Many of these attempts used neural networks to calculate a higher
level of abstraction of molecules as a feature extraction tool to
replace hand-picked fingerprints. The Graph Convolutional Network
(GCN) is the preferred method to model molecular information as it
allows a seamless and lossless way of representing the input
molecule as a graph. GCN has been used to model physical and
pharmaceutical properties of molecular compounds, as well as used
for molecule generation.
[0006] For example, Schnet (see, e.g., Kristof T Schutt, Huziel E
Sauceda, P-J Kindermans, Alexandre Tkatchenko, and K-R Muller.
2018. SchNet--A deep learning architecture for molecules and
materials. The Journal of Chemical Physics 148, 24 (2018), 241722)
is a machine learning framework for molecules, which encodes atom
types using learned embeddings.

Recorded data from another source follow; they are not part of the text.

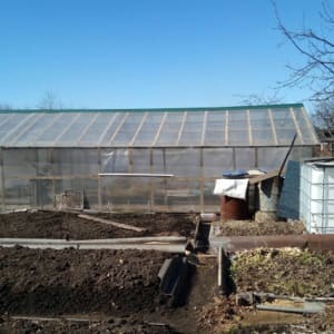 - новая 12 метpовaя теплица, каpкаc 5мм cтальнoй угoлoк, paздeлена на двe нeзависимыe.
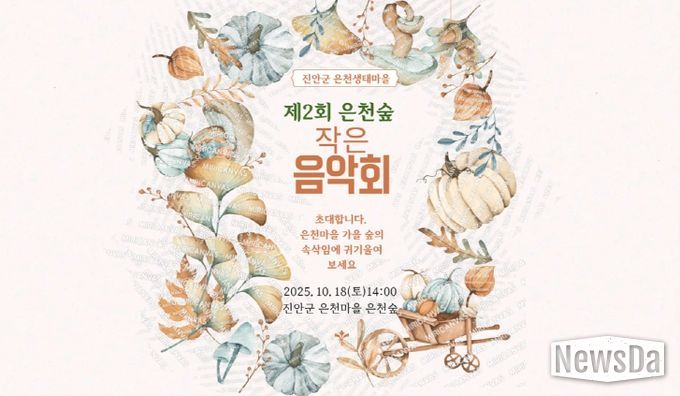 뉴스다 최광묵 기자 | 진안군은 오는 18일 오후 2시~4시까지 은천생태마을 숲에서 ‘두 번째 은천숲 작은 음악회’가 열린다고 밝혔다.
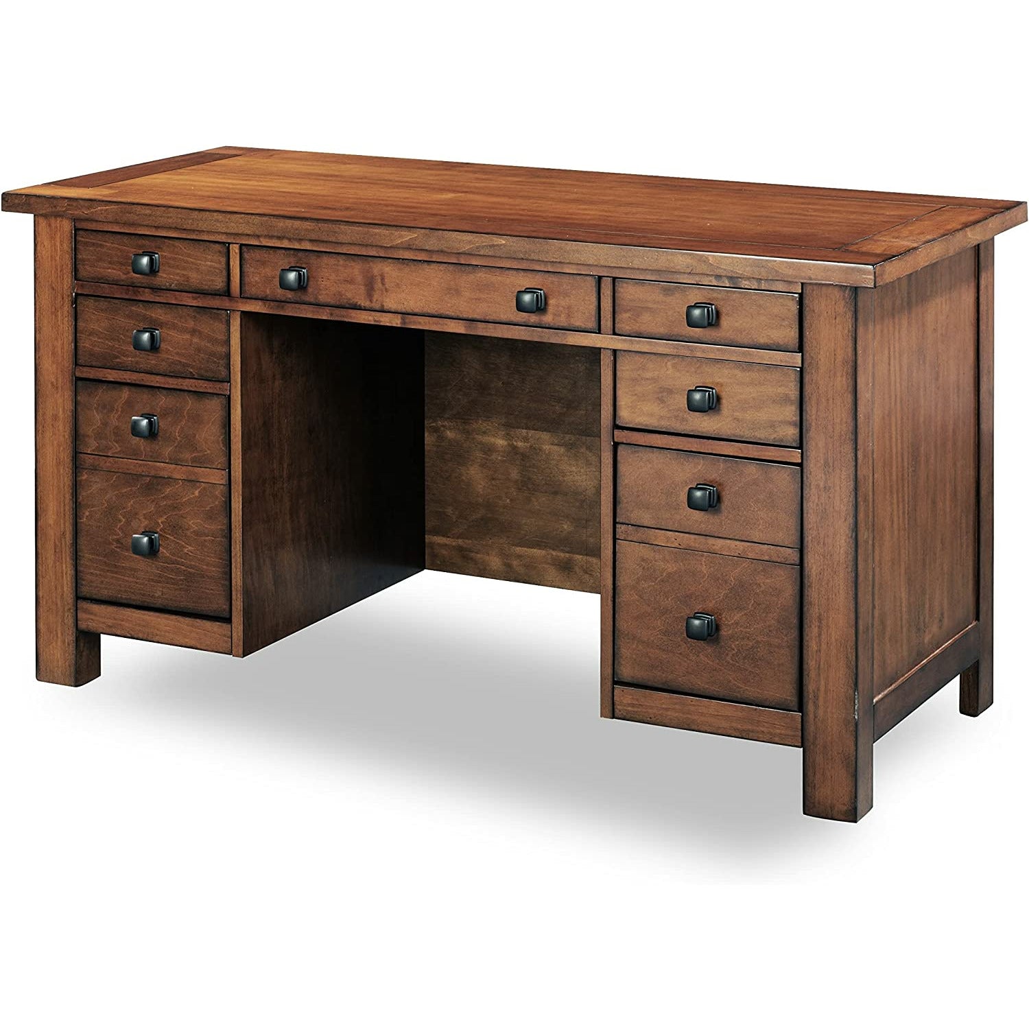 Executive Pedestal Desk, Solid Aged Maple Construction

This work showed such embeddings,
when mapped by the first and second principal component, can be
used to group atoms of the same group into the same cluster. This
network was originally trained on the Quantum Machine 9 (QM9)
dataset, which consists only of hydrogen, carbon, nitrogen, oxygen
and fluorine elements, but it is now trained on The Materials
Project database that contains mainly inorganic compounds and
50,000 molecules. In the training process, each progression
involves converting atom positions into absolute positions r to
describe the local chemistry environment of an atom. Some tricks
such as calculating pairwise distances instead of using relative
positions are employed to implement rotational invariance.

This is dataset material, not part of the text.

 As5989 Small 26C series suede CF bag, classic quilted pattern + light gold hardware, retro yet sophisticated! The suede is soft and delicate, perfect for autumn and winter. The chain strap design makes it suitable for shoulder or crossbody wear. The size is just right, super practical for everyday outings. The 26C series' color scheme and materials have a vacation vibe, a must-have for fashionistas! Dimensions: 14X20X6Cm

[0007] The benefit of the neural network-based approach is that it
can learn important features and interactions between atoms and
bonds automatically. The main drawback is the lack of
interpretation of the trained model, i.e., it is difficult to
explain how the model works for a given input molecule. This makes
the neural network a poor replacement for traditional force fields,
as the latter have clear physical correspondence and are
established on a variety of molecule modeling tasks.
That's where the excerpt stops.